To this day, I am still fighting to reclaim some storage, but at this point, I'm going to recommend to our CEO that our dev team put some effort into moving away completely from Mongo.
I also need to mention that Mongo recommended we use their online archive features, but when we crunched the numbers, it was still quite expensive, and we would have to do significant work to make our application work between the regular clusters and online archive. So it was significantly more logical to just put the data in AWS S3, then delete it in Mongo.
If I can summarize my experience with Mongo, and I acknowledge mine is probably quite different to most, here it is:
Overpriced for the performance you get
Sneaky billing model where they tie CPU and memory to storage
Terrible and expensive support
Sneaky extra charges on reactivating support
Bad support escalation solutions - they couldn't just turn on free 'support'
Poor database performance
Slow delete operations
Ecosystem lock-in
Forced upgrades - no LTS releases
Let me sum it up this way: if your compact() command does not free up the space that is available on your cluster, then provide the customer with free support to do so.

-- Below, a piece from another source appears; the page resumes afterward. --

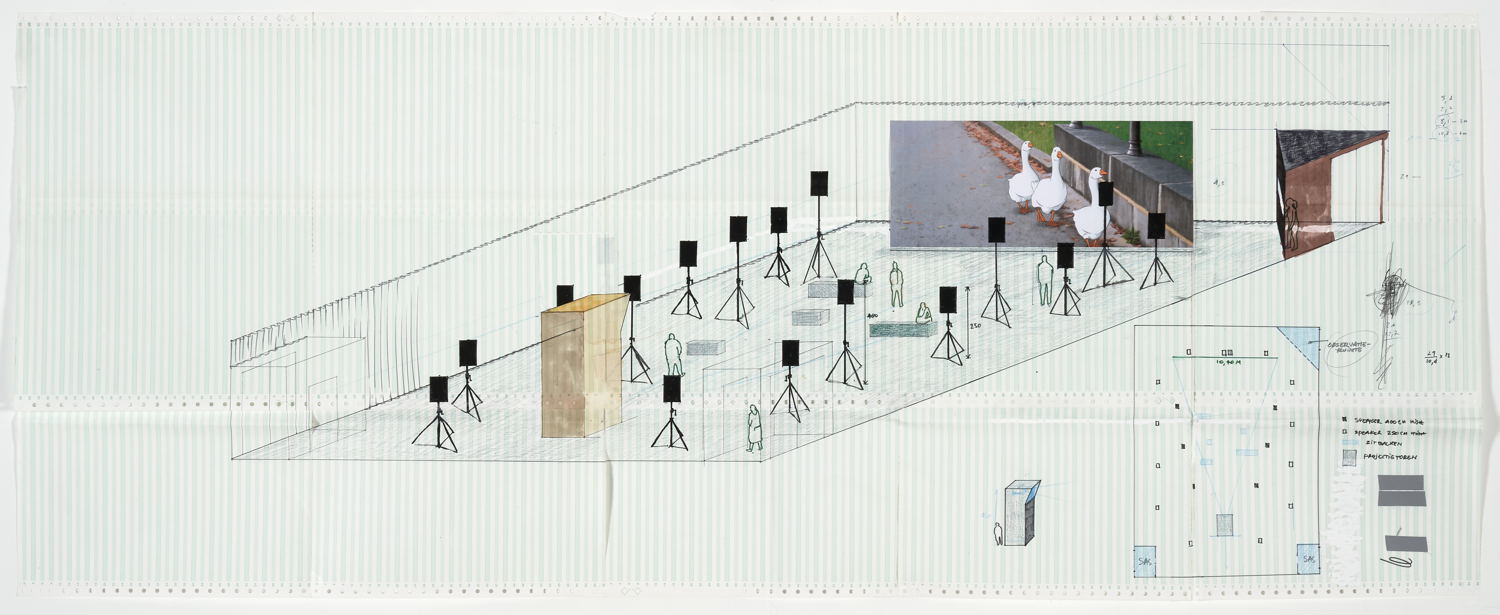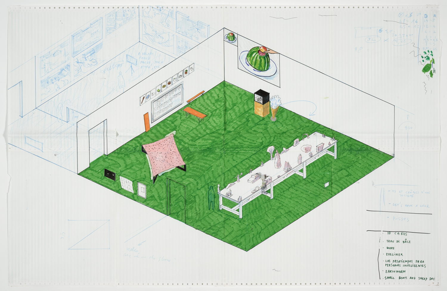 Par le biais de cette exposition solo, le S.M.A.K. accueille la première présentation muséale du film d'animation ‘HELLO, ARE WE IN THE SHOW ?’. En guise de suite contemporaine de la série de tapisseries du 16ème siècle intitulée ‘Les Chasses de Maximilien’, le film nous emmène à la découverte de quelques paysages de la forêt de Soignes. À cet égard, la nature n'est pas idéalisée, mais placée dans une perspective critique qui montre l'interaction et l'interdépendance entre l’ensemble des formes de vie. Cette œuvre récente, le fruit d’une coproduction avec le S.M.A.K., a été retravaillée dans le cadre de cette exposition, et forme ainsi une installation impressionnante qui occupe toute la salle du milieu située à l'étage du musée. Depuis 2016, le scénarimage du film appartient à la collection du S.M.A.K.

I hate dealing with Mongo. Nothing is simple, everything is expensive, and the performance sucks.
If you are considering using Mongo, find something else. Even if you have to take a bit more time to learn AWS Dynamo, S3, or Aurora, you should do it; you will save time and money in the long run.
Mongo, you deserve this negative review. I have given you plenty of opportunities to resolve things and have escalated issues, but you just don't care.
We wanted to move away from Mongo before; now I can't get rid of it fast enough.